There are plenty of social programs that you probably enjoy (or will enjoy) the benefits of.

Hah again! This is the oldest canard and strawman in the whole argument over social programs. Most conservatives aren't against "social programs" in the broadest sense and are very much in favor of a social "safety net."

The rub lies in the misuse and mismanagement of these programs to where they've been stretched waaaaaaay beyond their original intent and serve more as a "social crutch" for people to lean on and use and abuse.

markymark said...

PK, for start, if you had bothered to read Dr Emanuel's work, you would see he is talking about treatments where resources are scarce, like organ transplants as an example. Not ALL medical treatment. I think most people would agree that their is questionable medical benefit in giving a 80 year old person suffering from demetia an organ transplant, when there is a 30 year old who needs a transplant as well.

shrinkers said...

I love my socialist police department.

The socialist fire department is pretty darn good, too.

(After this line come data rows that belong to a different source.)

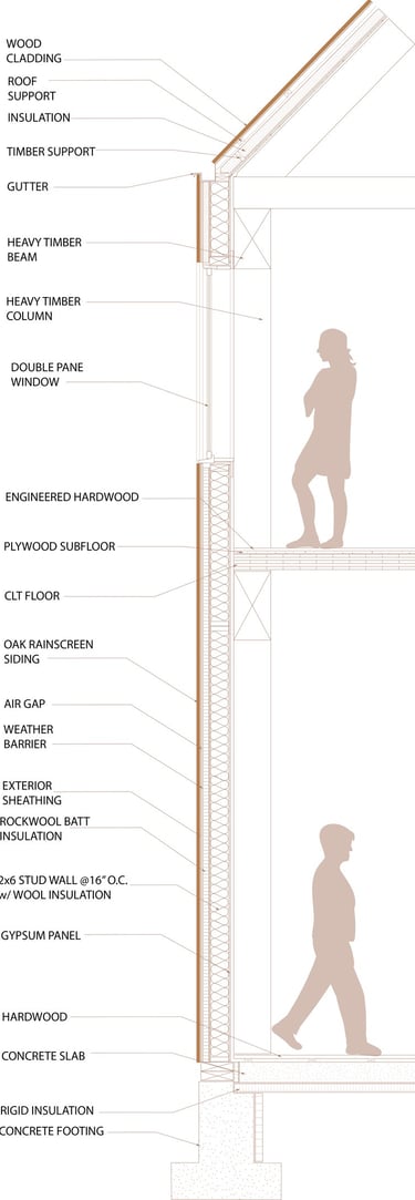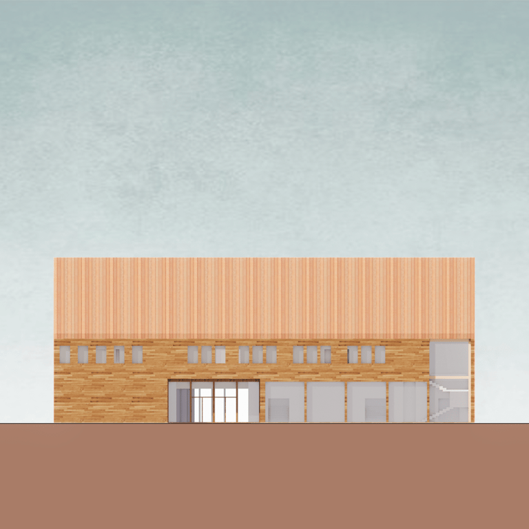 Thoughtful material selection further reinforces the project’s eco-conscious approach. The exterior is clad in oak wood from trees native to the area, and natural sheep wool insulation was chosen for its renewable qualities and excellent thermal performance. In addition, double-pane windows offer improved energy efficiency, and better noise reduction for the building.
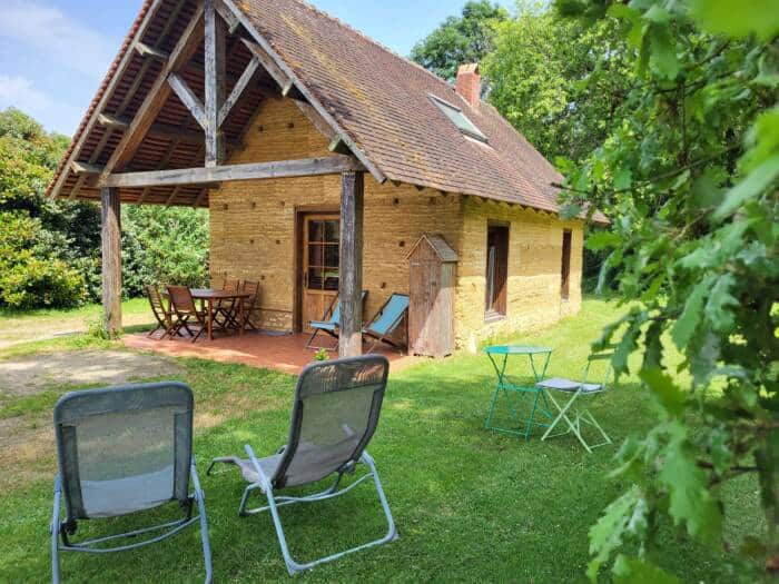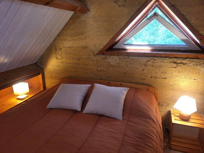 Ce gîte en pisé de type Acadien (35 m²) est bâti sur un terrain de 15 000 m² non clos comprenant également trois autres gîtes et un gîte de séjour. Au rez-de-chaussée se trouve la pièce de vie (séjour/cuisine avec insert), une petite chambre (2 lits superposés 90) et la salle d'eau avec wc. À l'étage : une chambre en mezzanine, ouverte sur la pièce de vie comprend un lit 140.
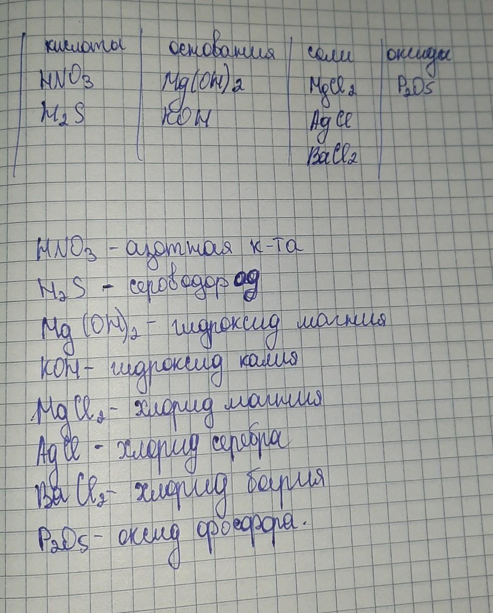 соли, оксиды): MgCl2, Р2О5, HNO3, AgCl, ВаСl2, Mg(OH)2, КОН, H2S. Назовите
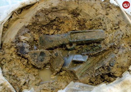 همچنین قطعاتی از ورقهای فلزی و یک میله کوچک از آلیاژ مس که احتمالاً بخشی از دسته اسکنه یا ابزاری دیگر بوده است بهدست آمد. علاوه بر این، مواد آلی و سوختهای در میان خاک متراکم باقی مانده بودند که اطلاعات ارزشمندی درباره شرایط و زمینه تاریخی این گنجینه ارائه میدادند.
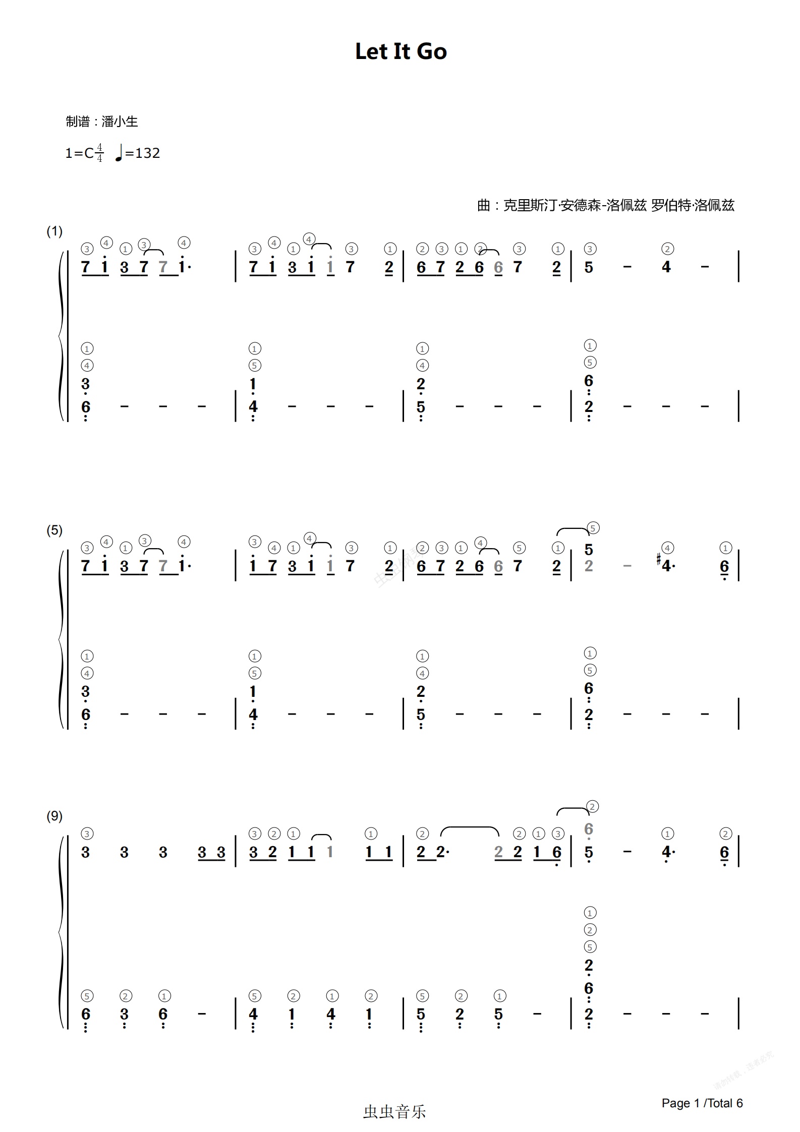 钢琴谱:[双手简谱] let it go 完整指法 C大调 简易版 《冰雪奇缘》主题曲  frozen 随它吧

Even socialist public education is better than the alternative - no education for maybe 80% of the people.

Our socialist military does a damn fine job, if you ask me.

Socialist medicare and medicaid and social security have worked out pretty well - ask the people who use them.

Socialist public parks are nice.

Socialist interstate highways really rock.

Socials food inspectors are - literally - lifesavers.

It's amusing that far-right Whignuts made "socialism" into an insult and a cussword, and then have the gall to ask why someone wouldn't want that label. Maybe for the same reason they don't like being called "hypocrites" and "spewers of hate".